The hard assets that can protect you once the inflation tiger is out, are precious metals, and real estate. Precious metals, like gold and silver, require you to have and invest liquid cash to become their owner. Income producing real estate on the other hand, like apartment buildings, don’t.
Apartment buildings produce income, so they are easily financeable. In fact, you can buy an apartment building, of any size, without using a penny of your own money. And the value of an apartment building adjusts with inflation, so once you own it, your net worth (the equity in the property) increases with inflation.
Everyone needs a place to live, and when the buying power of the dollar is compounding downwards, it’s better to be the owner of an apartment building, than a renter.
The smartest play for today, and the coming decade, is to learn multifamily investing, and then “practise” what you learn. When you target the right property, a single building can liberate you from you day job, and position you for financial survival in the coming uncertain economic times.
Can you “really” buy an apartment building using none of your own money?
The answer is absolutely “yes”. It is done is every city across the country every single day. The key is, having a deal with upside (profit that can be created) that will attract investor/partners.
Not every deal is a candidate, and having the ability to find deals that fit specific profit criteria is very important. Obviously anyone can buy whatever class of property they like, but the most attractive property for investors, and banks, are Class C properties.
Class C apartment buildings are 30-40 years old, they may have been rehabbed once but they are starting to look shabby again and the technology in the building and the individual units is starting to become obsolete. All of these elements, plus management burnout, leading to high vacancies, results in Class C properties being able to be bought for a fraction of their After Repaired Stabilized Value.
After repairs have been made and the property is fully lease at market rents, it now throws off a lot of cashflow. Because the end game of a Class C turnaround results in a lot of cashflow, everyone gets paid. Banks get paid; there is a nice, fat debt coverage ratio that makes them very happy. Your investors get paid. No longer are they facing the oblivion of 0.1% CD rates. They are now earning 6-10% on their savings, and they have a future.
And you get paid. Most importantly, there is plenty of cashflow for you at the end of each month, compensating you for all your hard work, and the opportunity you have created for others.

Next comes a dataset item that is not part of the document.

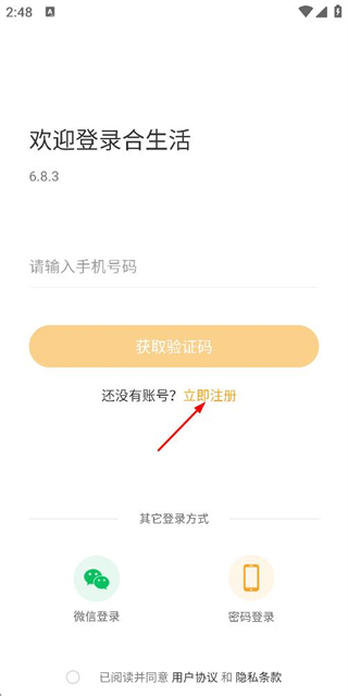 1、在登录页面点击立即注册选项,进入注册账号页面。

Thanks to all these factors raising money for your apartment project is not a hard sell. You need to lay out all the facts, yes. But that’s the good part, because the opportunity sells itself. All of the facts surrounding Class C apartment turnarounds make for a compelling investment case, whether you are wholesaling for quick cash, or buying to hold for cashflow and long term appreciation.
Get started learning multifamily investing today; you and your family’s financial well being may depend on it. Even if you are a beginning real estate investor, the time to start is now. Yes, there is a bit to learn, but no aspect of apartment investing is so elusive that you can’t understand it, and with a bit of practice, and courage, master it.
You can buy an apartment building using none of your own money today, and secure your family’s future.